The Tobacco Industry Research Committee (TIRC), is a really good example of the type of strategy Hill would typically recommend for industries, and a good example of how the fake-expert strategy deployed by Lee and Bernays became science denial. It also illustrates the long-term link between tobacco and oil. Not only did Hill have oil clients early on who informed some of his work on tobacco, and vice versa, but he often brought them together in the same trade groups. RJ Reynolds, for example, a key member of the Tobacco Industry Research Committee, also had their research arm join the American Petroleum Institute, also a client of John Hill’s by this point. And then there was the fact that the oil companies helped come up with cigarette filters for the tobacco companies...that's why they were co-defendants in the tobacco litigation in the 90s. That and the fact that gas stations were a primary retail outlet for cigarettes, so companies in the two industries would often partner up on advertising campaigns.

while all of this is happening between the oil guys and the tobacco guys in the background, Hill and Knowlton has their staff funding and sourcing research on all the other things connected to lung cancer. And they’re looking for scientists to sign on to their advisory board, but what they really need is a credible director. This was all Hill’s brainchild. The tobacco companies initially argued with him that they had already done their own research, that they didn’t need a whole new research council. But Hill insisted: they needed third party, independent research that would be perceived as more credible by the media. Eventually they gave in. In December 1953, the CEOs of all the major American tobacco companies met with Hill at the Plaza Hotel to launch the Tobacco Industry Research Committee. They needed a reputable cancer researcher as director, which wasn’t easy to find. So in the first several months of the committee’s existence, its “research” was conducted by Hill & Knowlton staffers.

There are all these staff memos from this time where they’re giving updates on clients and the oil-tobacco connection is stark, because you’ve got updates on Texaco followed immediately by updates on the phony research committee, with lots of the same staff on both.

Eventually they hired Dr. Clarence Cook Little. He went by C.C., and Hill and Knowlton proclaimed him a world-renowned cancer researcher. It was a bit of a stretch. True, Cook did have some impressive credentials. He had been president of the University of Michigan, and had worked for a year as the director of the predecessor to the American Cancer Society today). BUT, he was also a huge fan of... eugenics. So much so that he’d been pushed out at the University of Michigan over his views. And in that same year that he was at the cancer society, he also led the American Eugenics Society. But even more pertinent to his work with the tobacco research committee was the fact that he’d never actually done any cancer research. The cancer “lab” that Cook ran just raised mice for actual researchers to use. In the hands of Hill and Knowlton, though, Cook became a widely respected researcher.

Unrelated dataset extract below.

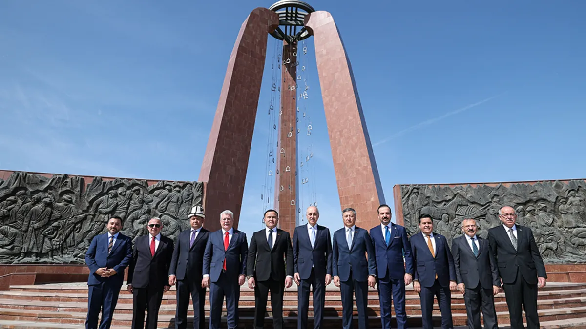Kurtulmuş, Kırgızistan’ın başkenti Bişkek’teki temasları kapsamında, Tanrı Dağı eteklerindeki Ata-Beyit Ulusal Tarih ve Anıt Kompleksi’ni ziyaretinde, Kırgızların 1916’da Rus Çarlığı’na karşı isyanını simgeleyen ve “Büyük Kaçış” anlamına gelen “Ürkün” anıtına çelenk bıraktı.

By 1947, John Hill and Don Knowlton had mostly parted ways, although the firm kept the same name. Hill gave Knowlton the Ohio clients and kept the rest for himself. Over the course of his life, he turned Hill and Knowlton into the largest PR firm in the world. Although he retired in 1962, he remained very involved in the firm, going to the office daily right up to a month before he died, at the age of 86, in 1977. Hill had stayed true to his commitment to stay out of the press himself, and none of his industrial machinations were well known at the time of his death.